Market basket analysis (MBA), also known as affinity analysis, originated in the marketing industry to discover relationships between groups of products. Merchants sought to use MBA to identify shopping patterns to improve product placement, increase cross-selling, and support advertising. The ability of MBA to discover nonobvious relations or association rules between items makes MBA a powerful tool beyond its original purposes in marketing. MBA develops association rules to specify the relationship patterns between item sets.

An association is determined by the lift, which is the probability of A and B occurring together divided by the probability of A times the probability of B. Lift scores greater than 1.0 describe a positive relationship. In contrast, lift scores below 1.0 describe a negative relationship. A lift value of 1.0 indicates that chance can explain the relationship. The support defines the probability that the items co-occur within the data set. The confidence of a rule is the measure of its predictive accuracy and is the probability that B will be selected given A’s selection.

Deep Learning and Artificial Neural Networks

Deep learning (DL), a subset of ML, attempts to imitate the human brain to analyze and interpret the data. Artificial neural networks (ANN), which underly DL, are inspired by the working of neurons in the brain. An artificial neuron can be understood in terms similar to a biological model. The input signals are weighted according to their importance. These weights are summed, and the signal is passed on based on the activation function.

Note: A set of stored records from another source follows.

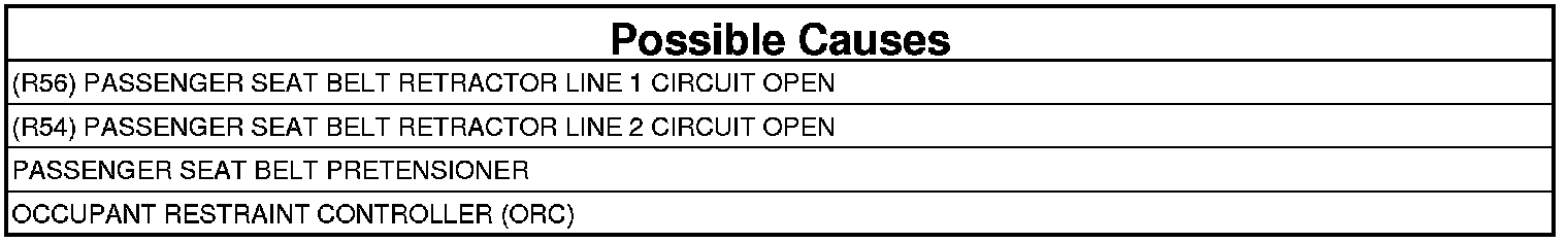 - Repair the (R54) Passenger Seat Belt Tensioner Line 2 circuit for an open.
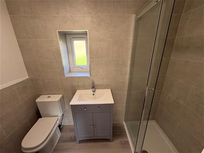 Modern three piece suite comprising shower cubicle, vanity sink unit, low suite wc, towel radiator, double glazed window and part tiled walls.
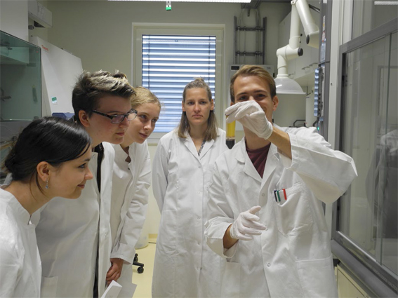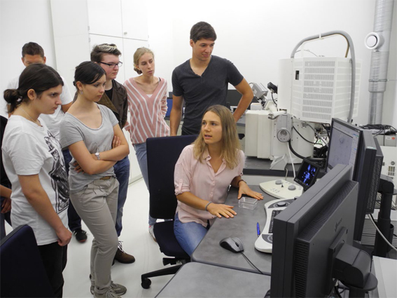 Zusätzlich zum Zentrum für Nanoanalytik lernten die Schülerinnen und Schüler den Forschungscampus BioMedTech auf ihrem Rundgang kennen. Das zweite Leuchtturmprojekt im Rahmen der RegioWIN-Förderung hat zum Ziel, die Region Neckar Alb zu einem führenden Forschungsstandort der Biomedizintechnik zu entwickeln und die Stärken der Region auszubauen, die sich aus der Zusammenarbeit von Biotechnologie und Medizintechnik ergeben. Auf dem Campus arbeiten regional ansässige Unternehmen der Medizintechnik und Biotechnologie und Institutionen der Grundlagen- und angewandten Forschung gemeinsam daran, neue Materialien für die Medizin zu entwickeln.
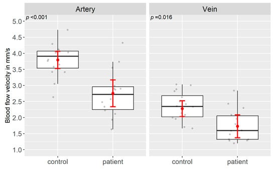 The mean BFV in patients in both the arteriolar (2.75 ± 0.74 mm/s), and venular segments (1.75 ± 0.51 mm/s) were significantly lower compared to controls (arteriolar: 3.79 ± 0.50 mm/s, p < 0.001; venular: 2.35 ± 0.44 mm/s, p = 0.016) (Table 2, Figure 3).
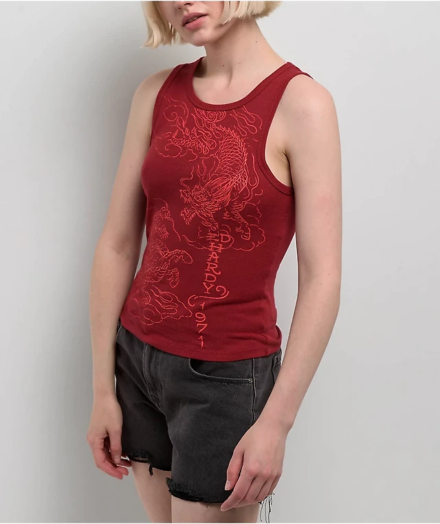 Ed Hardy Eagle Tiger Red Crop Zip Hoodie

Depiction of an artificial neuron with three inputs.

An ANN is composed of nodes and has three layers: the input layer, hidden layer, and output layer. A deep neural network (DNN) is an ANN with multiple hidden layers. Traditional ANNs were popular in the early days of machine learning. With the advent of DNNs, including recurrent, feed-forward, adversarial, and convolutional neural networks, the use of ANNs has seen a resurgence and gained popularity in the cybersecurity field.

Whereas other ML methods degrade with very large data sets, deep learning (DL) thrives. The concept behind DL is that the performance will increase by constructing larger DNNs and training them with as much data as possible. The DNNs use hierarchical-based feature abstraction and representation to handle extremely large training data sets with ease.

Depiction of a deep neural network with three hidden layers.

There are many variations of DNNs, including recurrent neural networks (RNN) and convolutional neural networks (CNN). An RNN includes feedback links making them well-suited for use with sequential data. CNNs are widely used in image processing and classification. In addition to the hidden layers within an ANN, an RNN includes convolution layers, which put the images through convolution filters to activate features within the images.

A generative adversarial network (GAN) pits two DNNs in a battle against each other using discriminative and generative algorithms. The discriminator is a typical machine learning classifier. The generative algorithm generates samples from the latent space. The goal is for the generative algorithm to create a sample that appears authentic. The discriminator model is updated with each iteration, so it gets better at discriminating. Meanwhile, the generator is updated based on its performance against the discriminator. The competition continues until the discriminator is fooled about 50% of the time, indicating that the generator makes plausible samples.

Creating fake images with a generative adversarial network.

Application of ML to Cybersecurity

Employing machine learning for cybersecurity offers tremendous benefits and has become a vital component in many security solutions. Cybersecurity products implement ML for many use cases, including spam filtering, intrusion detection, botnet detection, phishing detection, malware detection, biometric recognition, and anomaly detection. The following sections highlight a few of the uses of ML in cybersecurity.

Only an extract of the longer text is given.